Melangkah ke masa lampau, membawa warisan budaya yang abadi. Kesultanan Sambas dan kain songketnya, mempertemukan tradisi dan nilai-nilai luhur dalam setiap motif-motifnya.
Sebagai salah satu desa di Sambas, Kalimantan Barat, yang terkenal sebagai sentra produksi kain songket. Desa Semberang memiliki tradisi panjang dalam memproduksi kain songket sambas, dan masyarakat setempat memegang teguh tradisi dan teknik pembuatan kain yang berasal dari generasi ke generasi.
Produksi kain songket Sambas juga turut mempengaruhi kebudayaan dan tradisi masyarakat Desa Semberang. Oleh karena itu, hubungan antara Desa Semberang dan kain songket Sambas dapat dikatakan sebagai hubungan sinergis antara produk budaya dan ekonomi dalam memperkuat keberlanjutan budaya dan tradisi kain songket Sambas dalam menjaga warisan budaya.
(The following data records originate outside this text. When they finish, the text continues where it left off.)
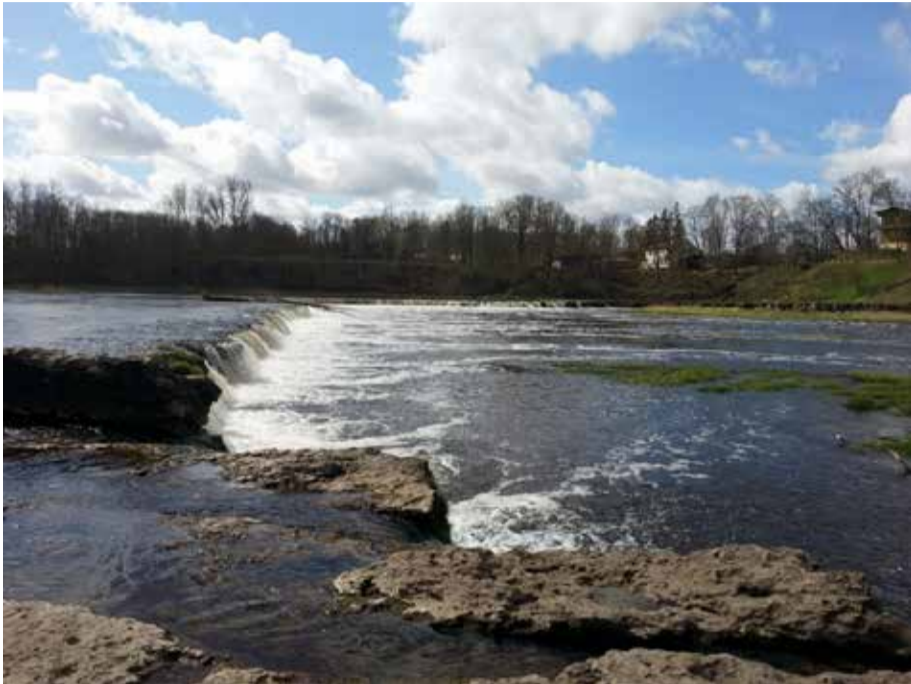
1. vietas ieguvēja Anna par savu foto saņēma 136 balsis.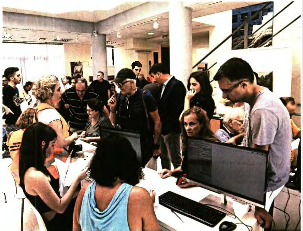
ΜΕ ΤΡΟΠΟΛΟΓΙΕΣ ΣΚΟΥΡΛΕΤΗ, ΑΧΤΣΙΟΓΛΟΥ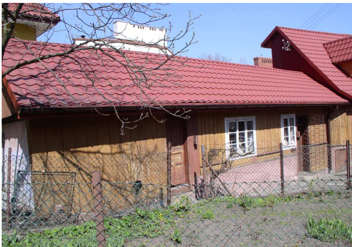
Fot. nr 17. Oficyna kompleksu – widok od strony ulicy Kazimierza Wielkiego.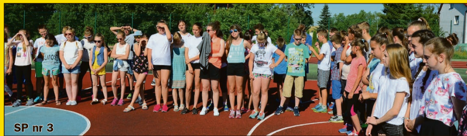
SP nr 3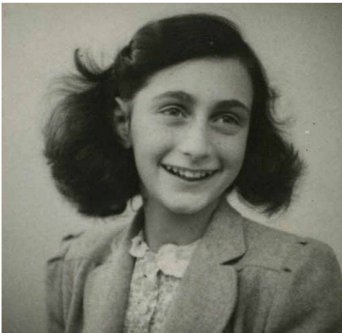
12 anys, maig de 1942.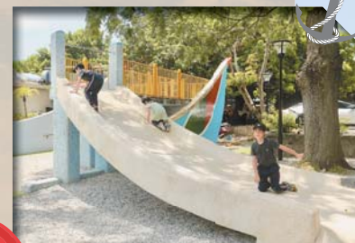
▲孩童在觀潮廣場的磨石子滑梯，玩得不亦樂乎。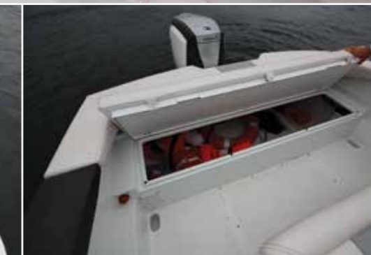
Bien entendu un vaste coffre de cale est à découvrir en soulevant la banquette de poupe.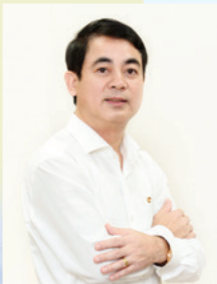
TS. Nghiêm Xuân Thành - Chủ tịch Hội đồng quản trị Vietcombank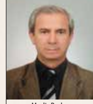
Meclis Başkanı Halil ÇÖYGÜN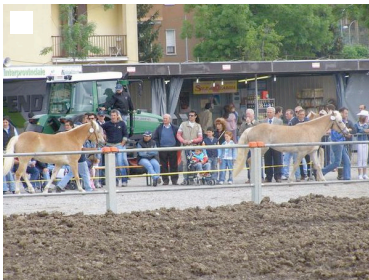
Un'immagine di una passata edizione di Treviglio cavalli

Fiere incontri e feste Ecco il tuo lungo weekend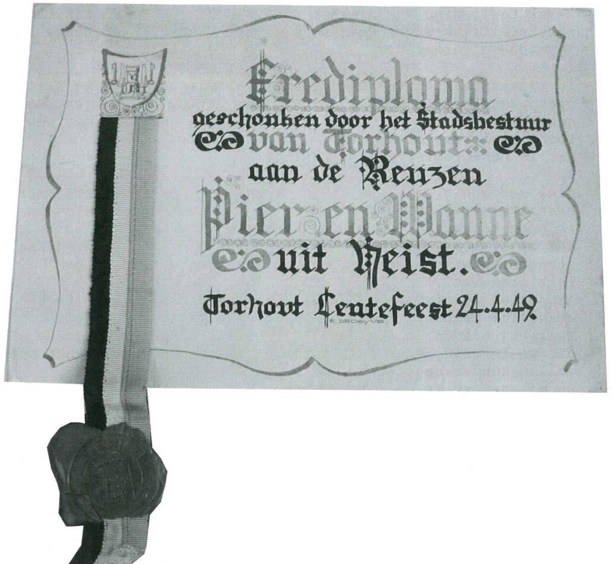
Erediploma geschonken door stadsbestuur Torhout 1942 - Walter Dobbelaere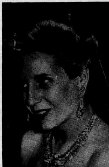
Evita Peron, de populaire echtgenote van de Argentijnse president, bracht in juli 1947 een uitgebreid bezoek aan Spanje

Op 20 september 1948 werd het vriendschapsverdrag met Portugal met tien jaar verlengd; kort daarna (10 oktober) werd de oprichting van de Castiliaanse marine in 1248 met werkelijk Spaanse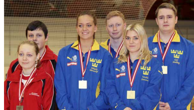
Pistoljuniorerna med sina guldmedaljer.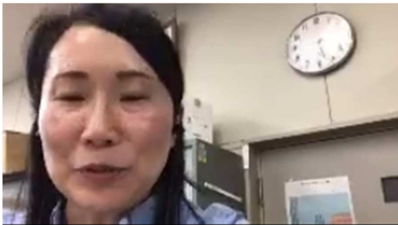
静岡高校 熊ヶ谷教頭先生

最後に、ベストディベーターに選ばれた生徒が「他の参加した生徒から学ぶものがとても多く、勉強になった1日だった。」と感想を述べ、3回目となるPDA 東海公立高校即興型英語ディベート交流大会が終了しました。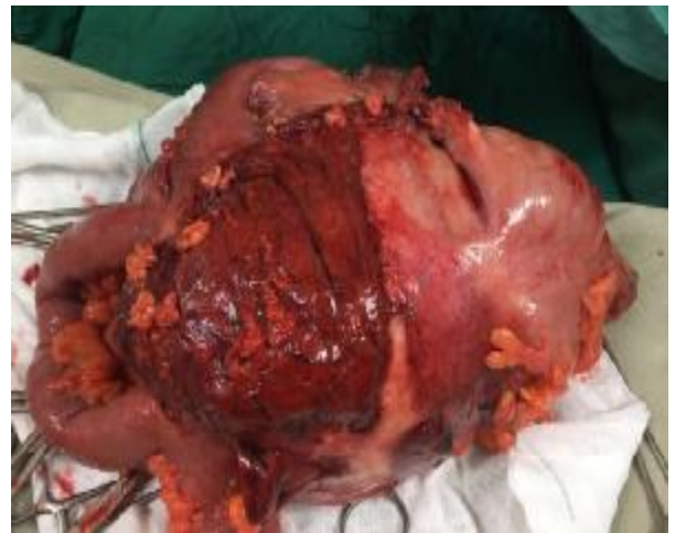
تصویر 2- توده داخل شکم که مجموعه‌ای از ایلئوم و سکوم غیر قابل افتراق است

در بررسی پاتولوژی توده، گاسپیپوما ناشی از باقی ماندن لنگاز از عمل قبلی بدون شواهدی از بدخیمی گزارش شد (تصویر 3).

Kain songket Sambas merupakan salah satu produk unggulan desa Semberang, dan menjadi sumber pendapatan utama bagi masyarakat setempat. Desa Semberang juga banyak memiliki tempat pembuatan dan galeri kain songket yang memproduksi dan menjual kain songket Sambas dengan berbagai tingkat skala, baik secara lokal, nasional, maupun internasional.